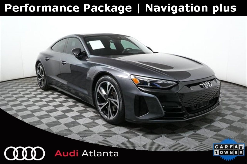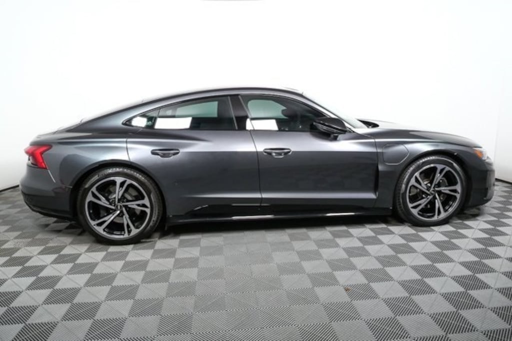2022 Audi e-tron GT quattro in Daytona Gray Pearl Effect is a high-performance electric sedan that combines dynamic driving with cutting-edge technology. Its dual synchronous electric motors and quattro® all-wheel drive deliver instant torque and precise handling, while the adaptive air suspension ensures a smooth, controlled ride. Inside, the cabin is driver-focused, with leather and Alcantara surfaces, a 12.3" Audi virtual cockpit plus, and a panoramic fixed glass roof for a luxurious feel. The Performance package adds laser headlights, rear-wheel steering, and matte carbon atlas inlays for a sportier edge. Advanced safety systems and driver assistance features make it both thrilling and secure.
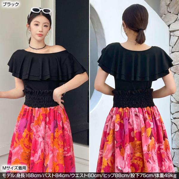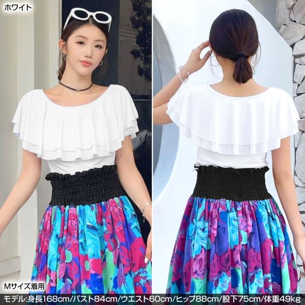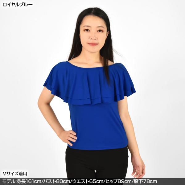 ダンストップス ボートネック2段フリルトップス tシャツ 半袖 シャツ フラ レッスンウェア レディース GH3251 [M便 2/3]
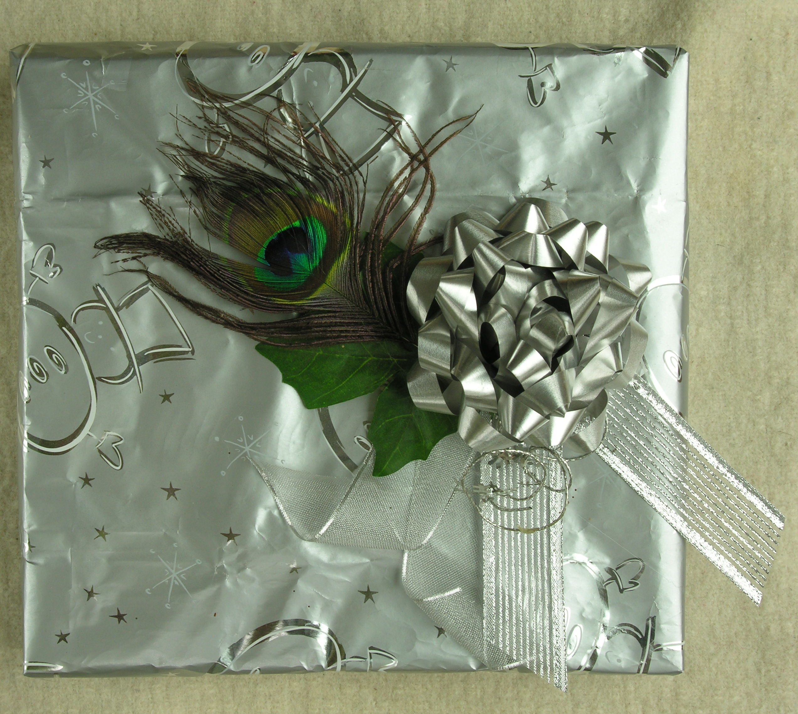 Granted, the sort organic, victorian-era peacock feather doesn't quite go with the modern paper...mebbe this gift was to me, from my friend Page? The overall spare quality suggests this, as does the layout of the ribbon and bow (sort of like a prize ribbon)—a signature design motif of hers.
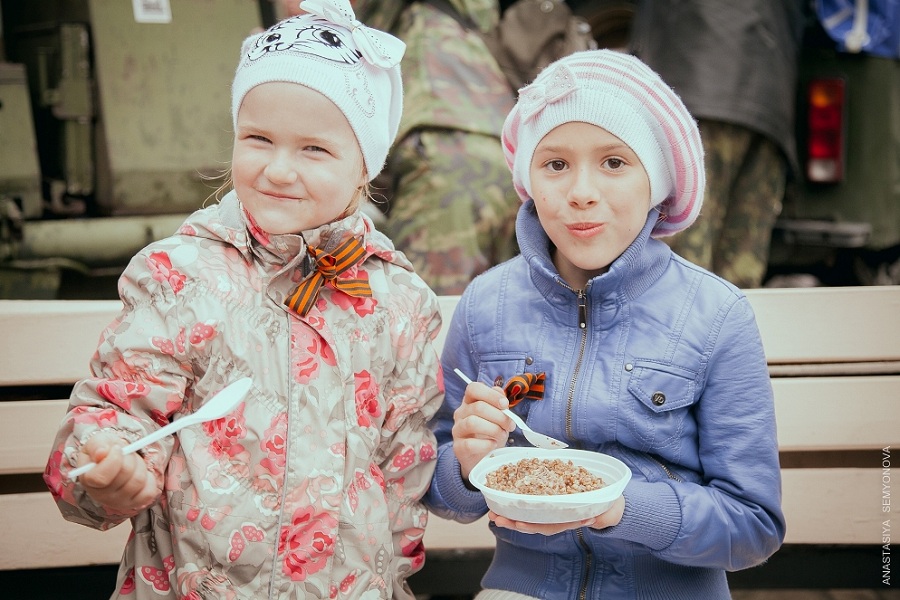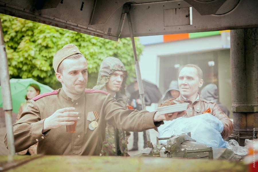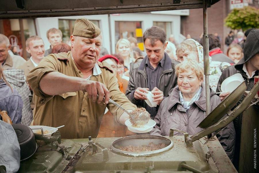 Ощущение праздника присутствовало везде, и полюбившиеся многим торговые центры Калининграда не могли не поддержать патриотический дух. Каждый желающий смог отведать солдатской каши и прочувствовать радости военной жизни. Ведь что для солдата может быть сытнее и вкуснее, чем настоящая армейская каша!

· · · ·

Pass over the images and copy the rest of the material above exactly.

2022 Audi e-tron GT quattro in Daytona Gray Pearl Effect is a high-performance electric sedan that combines dynamic driving with cutting-edge technology. Its dual synchronous electric motors and quattro® all-wheel drive deliver instant torque and precise handling, while the adaptive air suspension ensures a smooth, controlled ride. Inside, the cabin is driver-focused, with leather and Alcantara surfaces, a 12.3" Audi virtual cockpit plus, and a panoramic fixed glass roof for a luxurious feel. The Performance package adds laser headlights, rear-wheel steering, and matte carbon atlas inlays for a sportier edge. Advanced safety systems and driver assistance features make it both thrilling and secure.
 ダンストップス ボートネック2段フリルトップス tシャツ 半袖 シャツ フラ レッスンウェア レディース GH3251 [M便 2/3]
 Granted, the sort organic, victorian-era peacock feather doesn't quite go with the modern paper...mebbe this gift was to me, from my friend Page? The overall spare quality suggests this, as does the layout of the ribbon and bow (sort of like a prize ribbon)—a signature design motif of hers.
 Ощущение праздника присутствовало везде, и полюбившиеся многим торговые центры Калининграда не могли не поддержать патриотический дух. Каждый желающий смог отведать солдатской каши и прочувствовать радости военной жизни. Ведь что для солдата может быть сытнее и вкуснее, чем настоящая армейская каша!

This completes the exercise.